Morales affirmed my choice. "Everybody buys Between the World and Me, but I like your choice. You'll get to know his story before reading Between the World and Me."

It was a few days after Christmas and the streets in Pilsen were mostly quiet. I held The Beautiful Struggle in my hands and thought about this decision to dig into Coates' life first, before I read his more well-known, recent book. It felt right.

Being at the half-way point in the book, I thought it might be best to wait until I finished it to share some thoughts, but I'm feeling impatient and Coates's story is already inhabiting my world.
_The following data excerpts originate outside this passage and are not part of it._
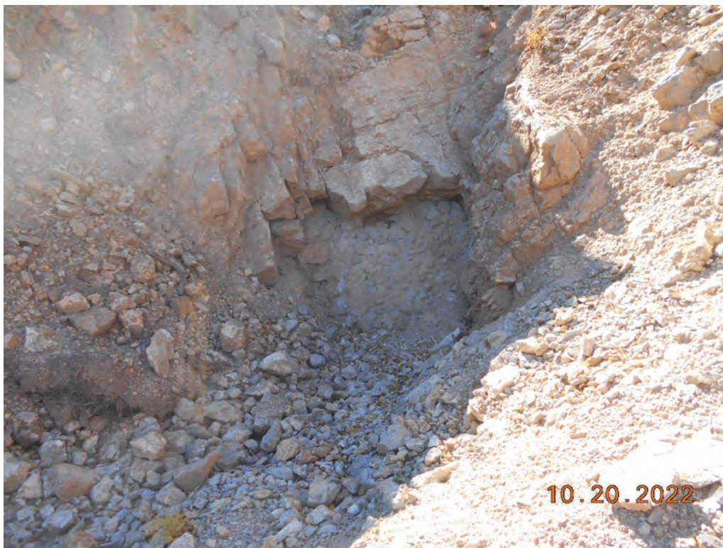
Figure 29. Upper portal reclamation
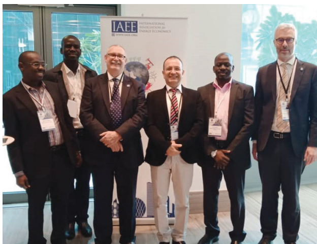
Team from the Norwegian University of Life Sciences, (NMBU) in a group photo with the MUBS team. NMBU has a collaboration with the Faculty of Graduate Studies and Research, MUBS
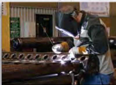
VE has ASME and NBIC Certificates of Authority to design, construct and repair pressure vessels.
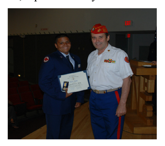
Northeast High School
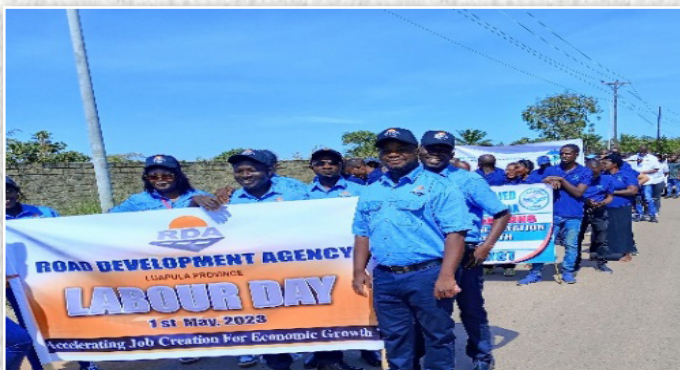
RDA Luapula Regional staff pose for pictures.
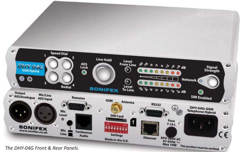
The DHY-04G Front & Rear Panels.

The DHY-04G has all features of the DHY-04 (read cellphone/mobile features instead of telephony features in the listed bullet point specification) together with some additional front panel indicators. There are two LEDs, one for SIM enabled and one for GSM Network availability. Additionally there is a push button which allows the GSM signal level to be displayed on the meter LEDs.
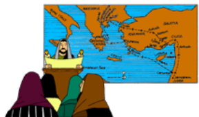
7: The Noble Bereans
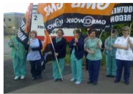
Here are only a few of the many photos received from our regions.
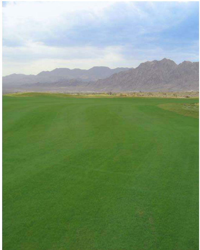
SOS 211 planted at Boulder Creek Golf Club, Boulder City, Nevada.

Boulder Creek Golf Club, Boulder City, Nevada
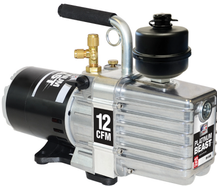
DV-340N PLATINUM BEAST 12 CFM Vacuum Pump
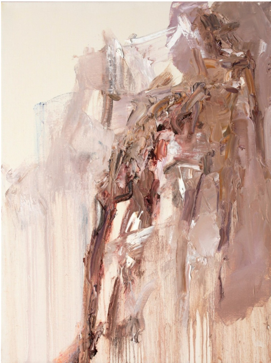
2010 Illusive #1 Oil on canvas 92 w x 122 h cm
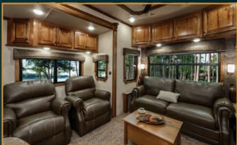
English Slate Decor
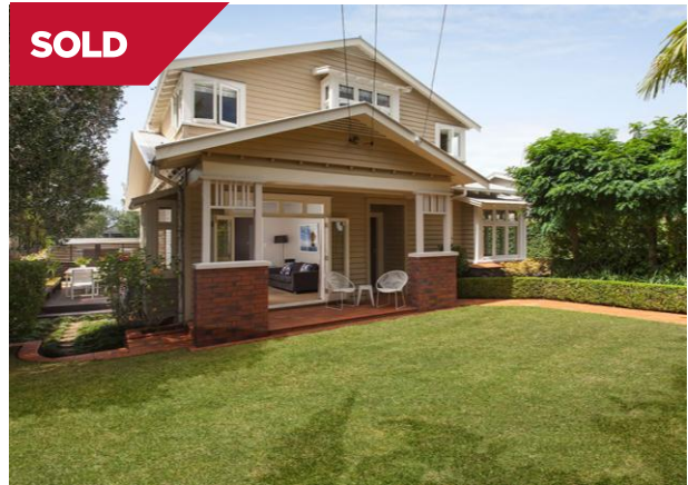
Greenlane 9 Korokino Road

On page 108, Coates describes how he "took to Consciousness" by living through the violence in the streets and at the same time reading books about Black political heroes who pointed to a new direction years before. He compares what he's learning from the words of Black Panther leaders and others focused on social justice, and compares their words to the mass media music of the 1980s and real life experience:

"There were no answers in the broader body, where the best of us went out like Sammy Davis and spoke like there had never been war. I will avoid the cartoons--the hards rocks loved Billy Ocean, Luther was classic, and, indeed, I did sit in my seventh period class eyeing Arletta Holly and humming 'Lost in Emotion.' But you must remember the era. Niggers were on MTV in lipstick and curls, extolling their exotic quadroons, big-upping Fred Astaire, and speaking like the rest of us didn't exist. I'm talking S-curls and sequins, Lionel Ritchie dancing on the ceiling. I'm talking the corporate pop of Whitney, and Richard Pryor turning into the toy. Was like Parliament never happened, like James Brown had never hit. All our champions were disconnected and dishonored, handing out Image Awards, while we bled in the streets."
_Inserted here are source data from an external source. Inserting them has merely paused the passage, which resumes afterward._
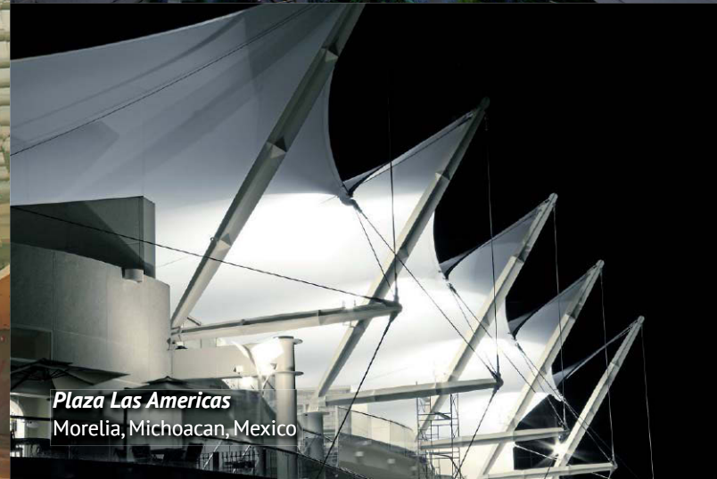
Plaza Las Americas Morelia, Michoacan, Mexico
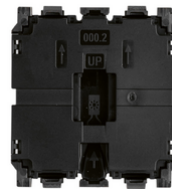
30008.2 - 1P NO 10A 2M axial button mechanism
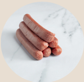
Hot Dog Skinless #780134, 6/5 lb Sabrett
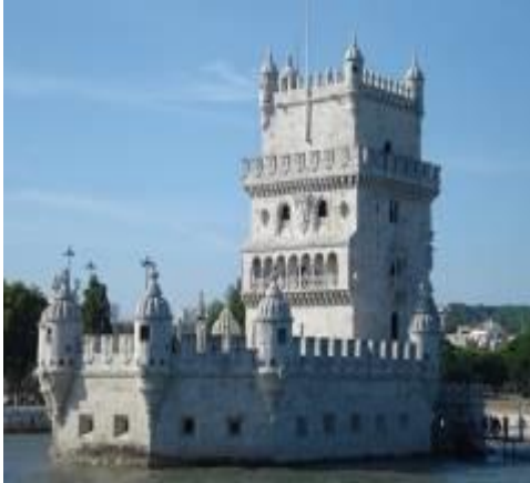
The Belem Tower

The Monument to the Discoveries lies on the northern bank of the Tagus River estuary, where ships departed to explore and trade with India and celebrates the Portuguese or Age of Exploration during the 15th and 16th centuries. The monument's connections to South Africa are enormous. The Belem Tower, built in the early 16th century, was part of a defence system at the mouth of the Tagus river and a ceremonial gateway to Lisbon. The tower's importance to the history of Lisbon is reflected in its Unesco World Heritage status.

This beautiful struggle that Coates shares in his memoir gives the reader the feeling of being let into the writer's pre-teen bedroom by including the "Consciousness" books he read, the private thoughts he had about others, himself and his environment, and the hip-hop lyrics that influenced his early attempts at writing and breathed new life into his hungry, creative spirit.

Just like the history of the Crack epidemic of the 80s, we can't afford to forget the current war on the poor and working poor who are Black, Brown, and already being targeted under the 2017 White House Administration's mandate "Make America Great Again," which clearly means "Make America White Again."

I can't wait to finish reading the second half of this poetic, brave memoir. Read The Beautiful Struggle by Ta-Nehisi Coates for yourself and allow his story to infuse you with the courage to speak out, knowing that racism is as alive today as it ever was.